Two forms are the constitutive proteasome, expressed by the majority of cells in the body, and the immunoproteasome, expressed in cells derived from the bone marrow, including T-cells and B-cells, two types of white blood cells.
In addition, this work includes structural analysis of the binding of ONX 0914, a selective inhibitor of the immunoproteasome being developed by Onyx, to proteasome active sites. These findings demonstrate the selectivity of ONX 0914, Onyx's proprietary compound, and support the rational design of new immunoproteasome-specific and dual-targeting inhibitors for the potential treatment of autoimmune disorders and cancer. The article is titled "Immuno- and Constitutive Proteasome Crystal Structures Reveal Differences in Substrate and Inhibitor Specificity."
"This research demonstrates the molecular basis of the selectivity of ONX 0914 for the immunoproteasome and highlights its potential as a treatment for autoimmune disorders, such as rheumatoid arthritis and lupus. Selective inhibition of the immunoproteasome may provide anti-inflammatory activity while having a minimal effect on the proteasome in other tissues or on normal immune system function," said Christopher J. Kirk, Ph.D., Vice President of Research at Onyx Pharmaceuticals.
Authors included Drs. Eva Huber, Wolfgang Heinemeyer and Michael Groll of the Center for Integrated Protein Science at the Technical University in Munich, Germany; Drs. Michael Basler, Ricarda Schwab and Marcus Groettrup of the University of Constance in Konstanz, Germany; and Dr. Christopher Kirk of Onyx Pharmaceuticals where ONX 0914 is being developed.
About ONX 0914 ONX 0914, currently in preclinical development, is a highly selective immunoproteasome inhibitor with potential treatment applications in autoimmune disorders, such as rheumatoid arthritis, inflammatory bowel disease and lupus.

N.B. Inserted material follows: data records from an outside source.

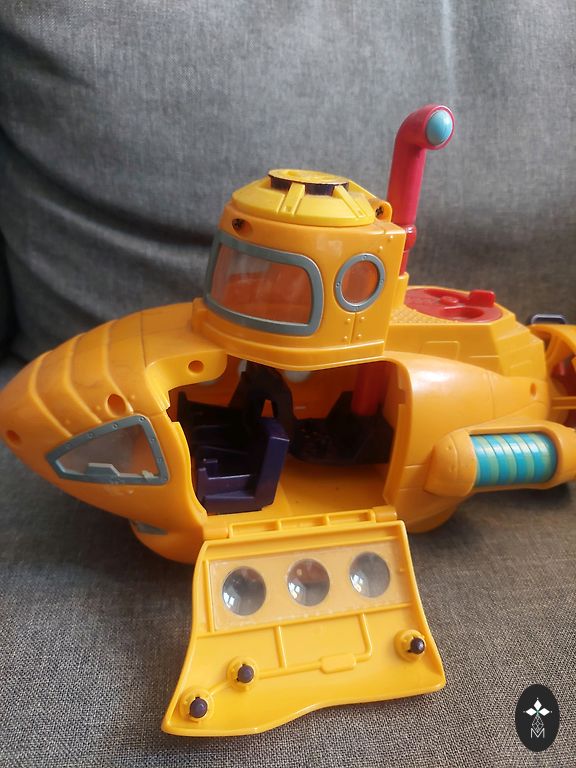 Lėktuvas su muzikiniu fonu, mirksinčiomis lemputėmis, durys atsidaro. Komplekte yra figūrėlės. Baterijos niekada nebuvo pakeistos! (Nereikia dažnai keisti, kaip kituose žaisluose). Yra nedidelių įbrėžimų.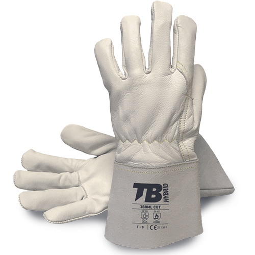 • grey goat grain leather • para-aramid+fiberglass lining • split leather cuff of 10 cm • para-aramid thread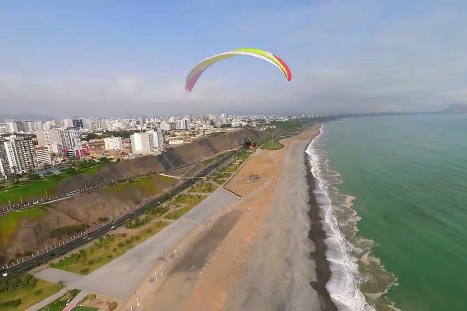 Experience the thrill of a paratrike flight over the cliffs of Costa Verde in Lima. Fly with a professional pilot and enjoy breathtaking views of San Miguel, Magdalena, and Miraflores.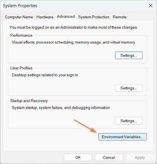 In the System Properties dialog box, click Environment Variables. The Environment Variables dialog box opens.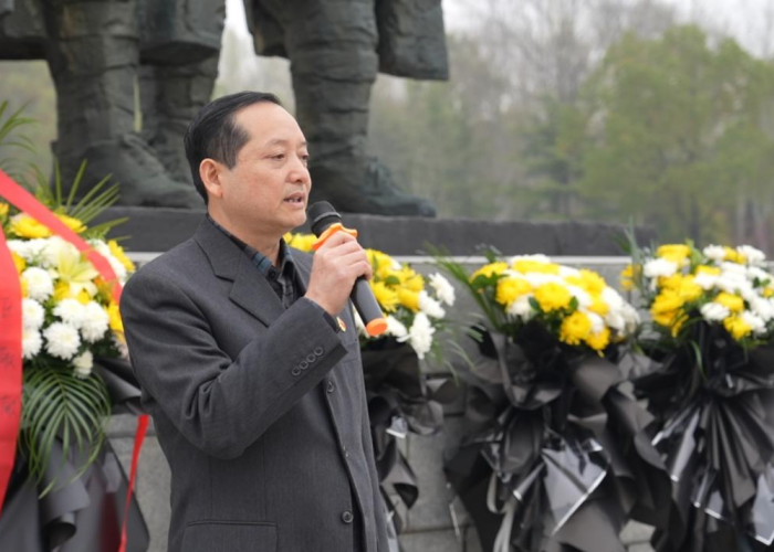 在全体人员的热烈掌声中,校党委委员、行政文化总监张义廷发表讲话。他指出,渡江战役是中国革命史上的光辉篇章,革命先烈们抛头颅、洒热血,用生命与鲜血铸就的伟大渡江精神,是中华民族弥足珍贵的精神财富,更是新时代青年砥砺前行、勇毅奋进的不竭动力。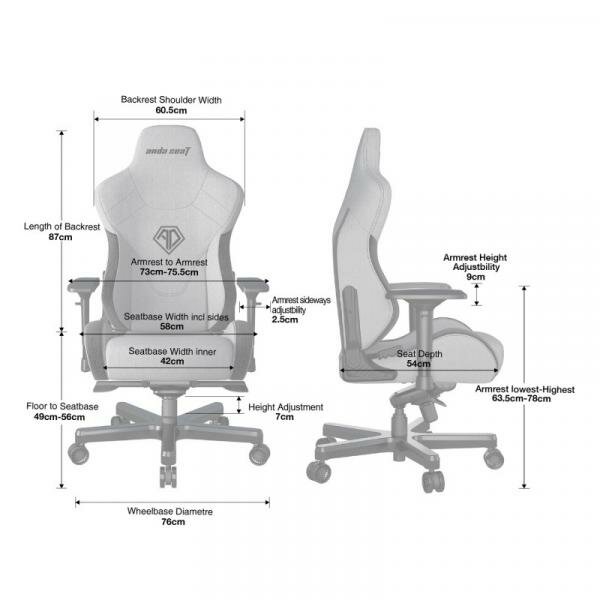 Кресло игровое Anda Seat T-Pro 2 цвет чёрный размер XL (180кг) материал ткань (модель AD12XL) AndaSeat (AD12XLLA-01-B-F)

The proteasome is an intracellular complex present in most cells that mediates the degradation of intracellular proteins, including key components of pathways that contribute to cancer cell growth and immune signaling. It is a proven and validated target for therapeutic intervention in oncology, but the side effect profiles of existing inhibitors have restricted the potential of this target for therapeutic intervention in autoimmune diseases. While the majority of cell types in the body express the standard form of the proteasome called the constitutive proteasome, cells of the immune system express a unique form of the proteasome called the immunoproteasome. An immunoproteasome-specific inhibitor may have the potential to selectively target proteasome function in immune cells, with minimal effects on the proteasome in other cells.
ONX 0914 was specifically designed to be a potent inhibitor of the immunoproteasome with minimal cross-reactivity for the constitutive proteasome. Recent evidence suggests that the immunoproteasome regulates the production of several inflammatory cytokines, including Tumor Necrosis Factor-a (TNF-a), Interleukin-6 (IL-6), IL-17, and IL-23. In preclinical models of rheumatoid arthritis and lupus, ONX 0914 blocked progression of these diseases and was generally well-tolerated. Preclinical studies are underway to evaluate the potential of ONX 0914 in the treatment of a range of autoimmune disorders.